___ RECORDED DATA ___

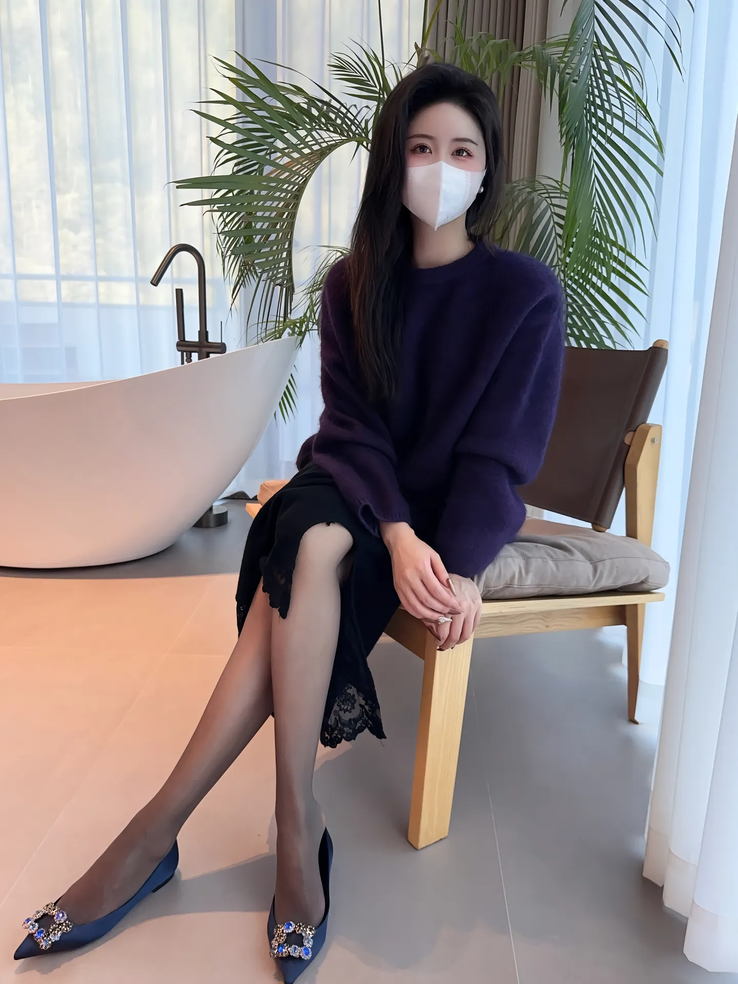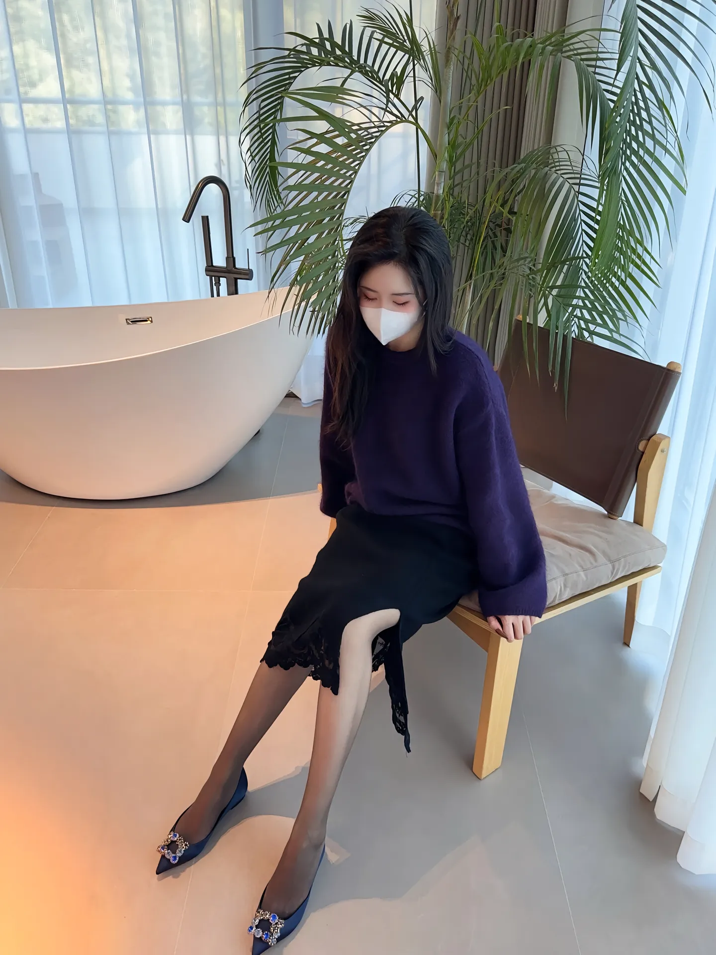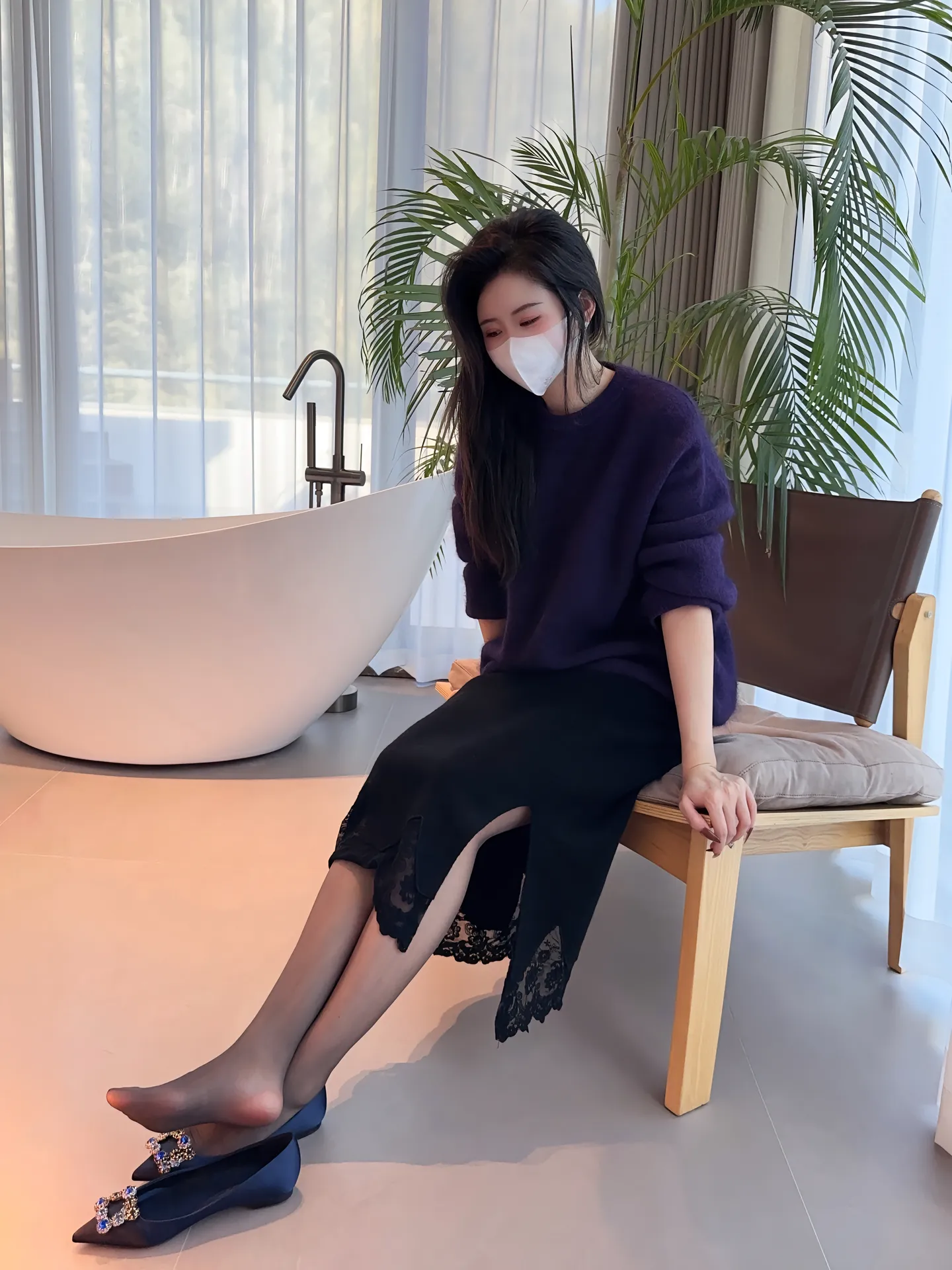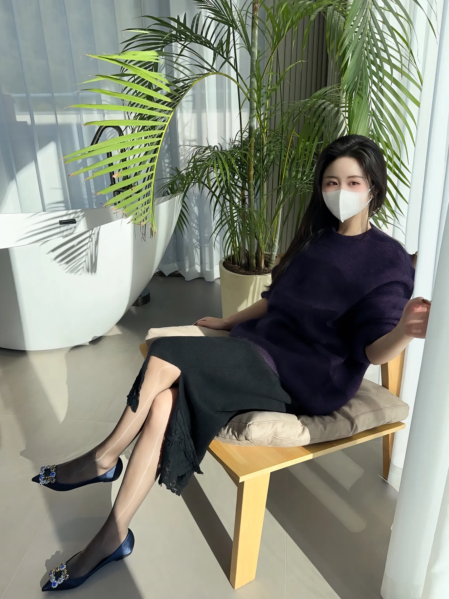 今天是紫色的衣服穿搭加黑丝
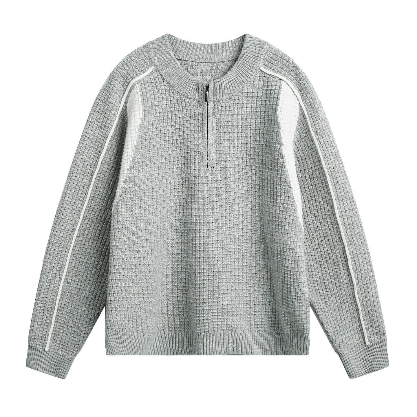 カラージョイント保温厚手センターカラーセーター男性秋冬モデル鹿の毛を模したハーフファスナー肌理ニットコート
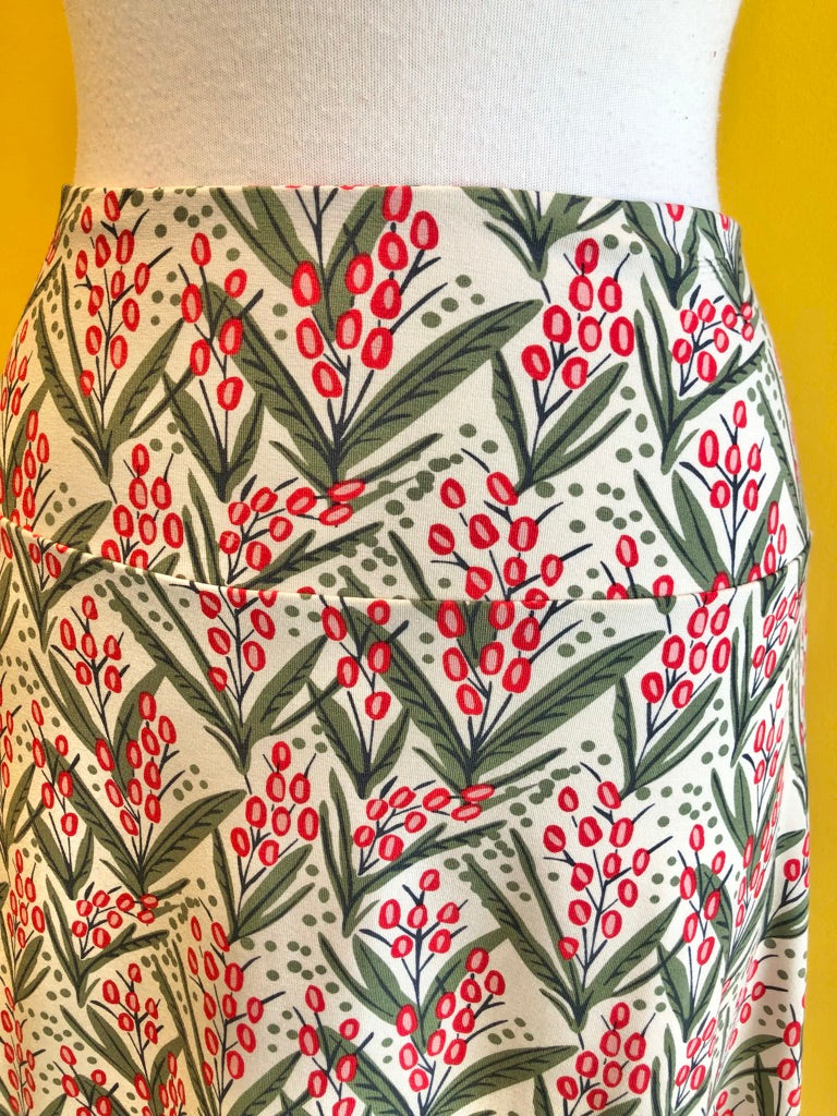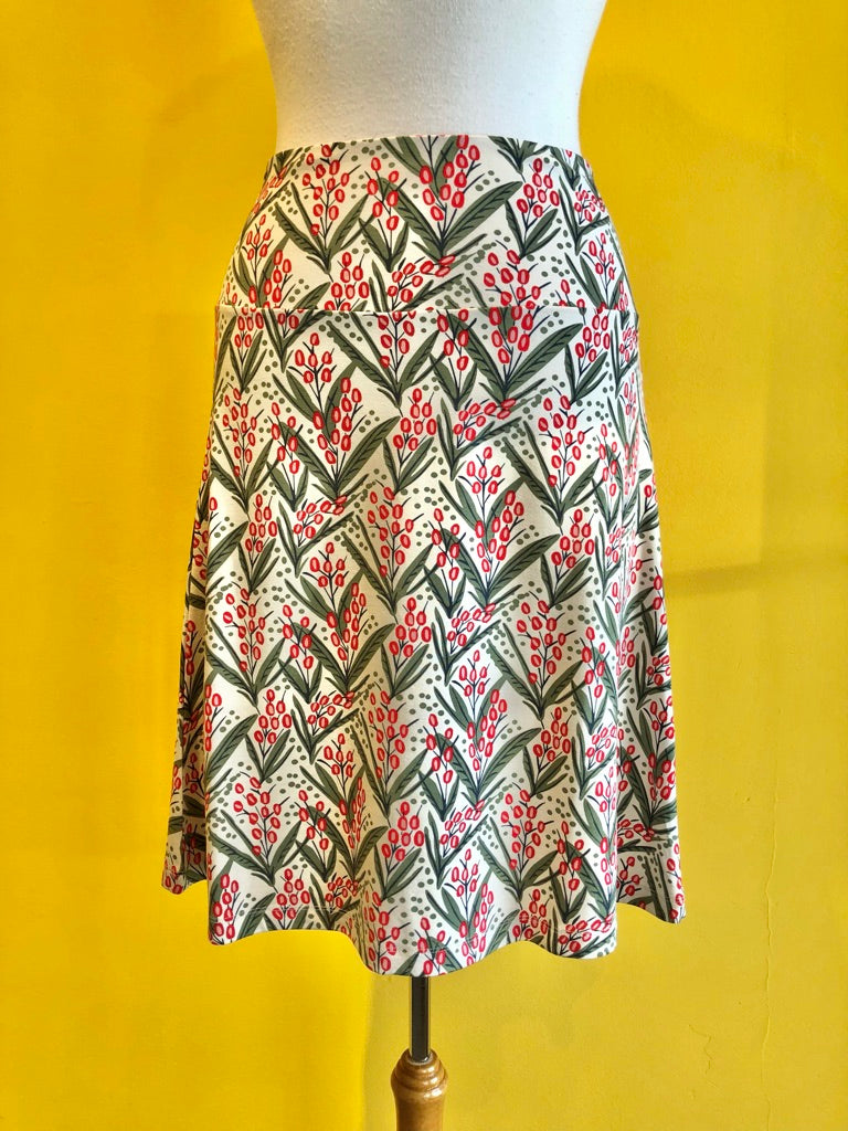Skirt with a wide waistband, a-line silhouette, and a bold wildflower pattern.
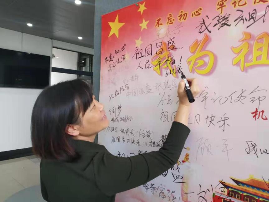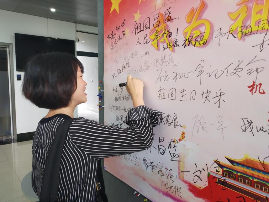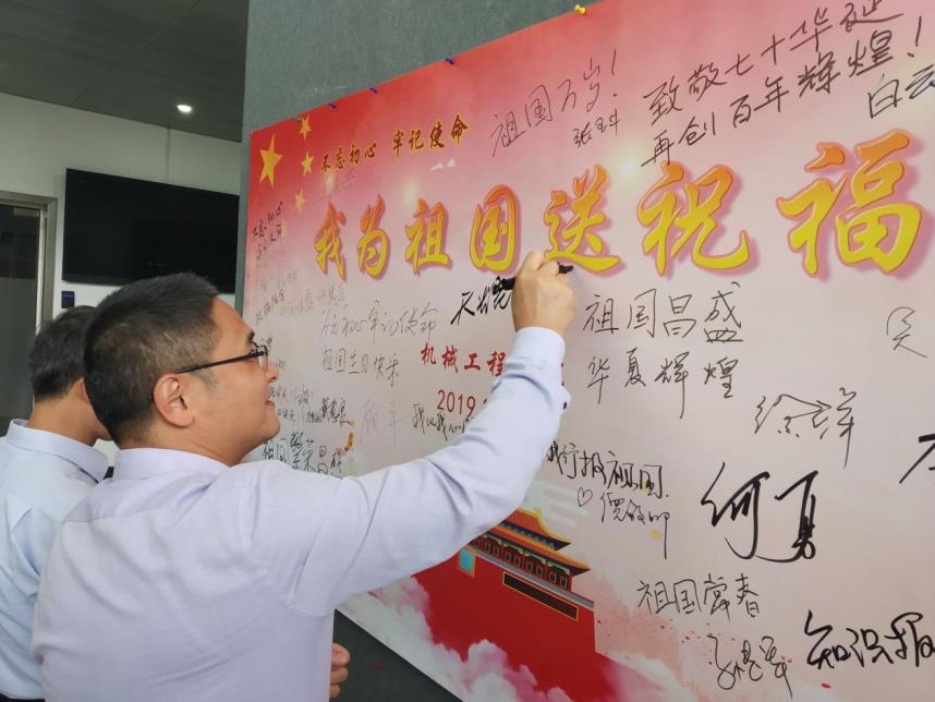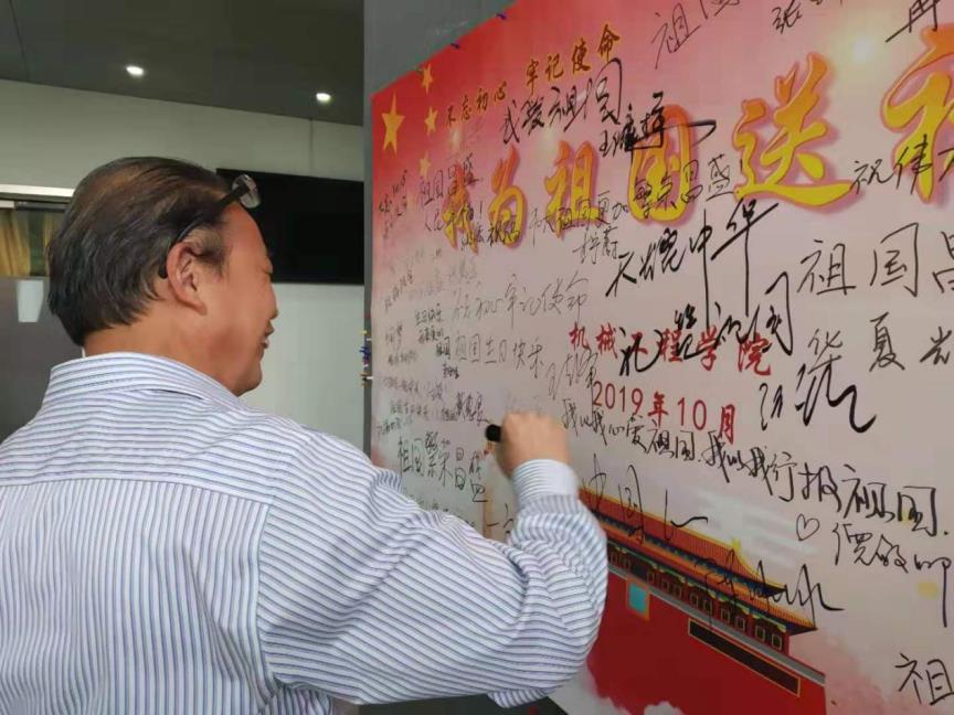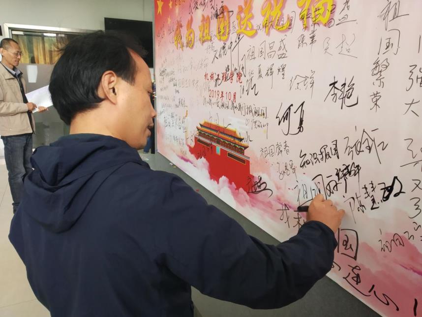 参加本次活动的老师,有现任学院领导,也有卸任的学院领导;有在职的老师,也有已经退休的老师。激情心头涌,敬意笔尖流,在三个小时的时间里,大家将祝福墙壁写得满满当当,将对祖国的祝福与赞美表达得淋漓尽致。
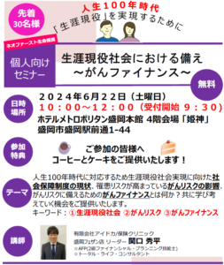 2024年6月22日(土)にホテルメトロポリタン盛岡にて、ネオファースト生命提携セミナー「生涯現役社会における備え~がんファイナンス~」を開催させていただきました!
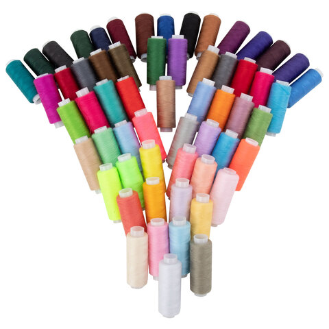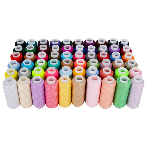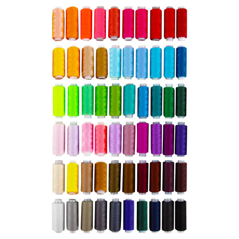 Тип ниток: 40/2 Серия: Швейные Количество цветов: 60 Количество в комплекте: 60 шт. Длина намотки: 200 м Материал ниток: 100% полиэстер Цвет: ассорти

___

# TASK OBJECTIVE
Word for word, restate all of the entries above and leave each picture out.

# TASK OUTPUT
 今天是紫色的衣服穿搭加黑丝
 カラージョイント保温厚手センターカラーセーター男性秋冬モデル鹿の毛を模したハーフファスナー肌理ニットコート
Skirt with a wide waistband, a-line silhouette, and a bold wildflower pattern.
 参加本次活动的老师,有现任学院领导,也有卸任的学院领导;有在职的老师,也有已经退休的老师。激情心头涌,敬意笔尖流,在三个小时的时间里,大家将祝福墙壁写得满满当当,将对祖国的祝福与赞美表达得淋漓尽致。
 2024年6月22日(土)にホテルメトロポリタン盛岡にて、ネオファースト生命提携セミナー「生涯現役社会における備え~がんファイナンス~」を開催させていただきました!
 Тип ниток: 40/2 Серия: Швейные Количество цветов: 60 Количество в комплекте: 60 шт. Длина намотки: 200 м Материал ниток: 100% полиэстер Цвет: ассорти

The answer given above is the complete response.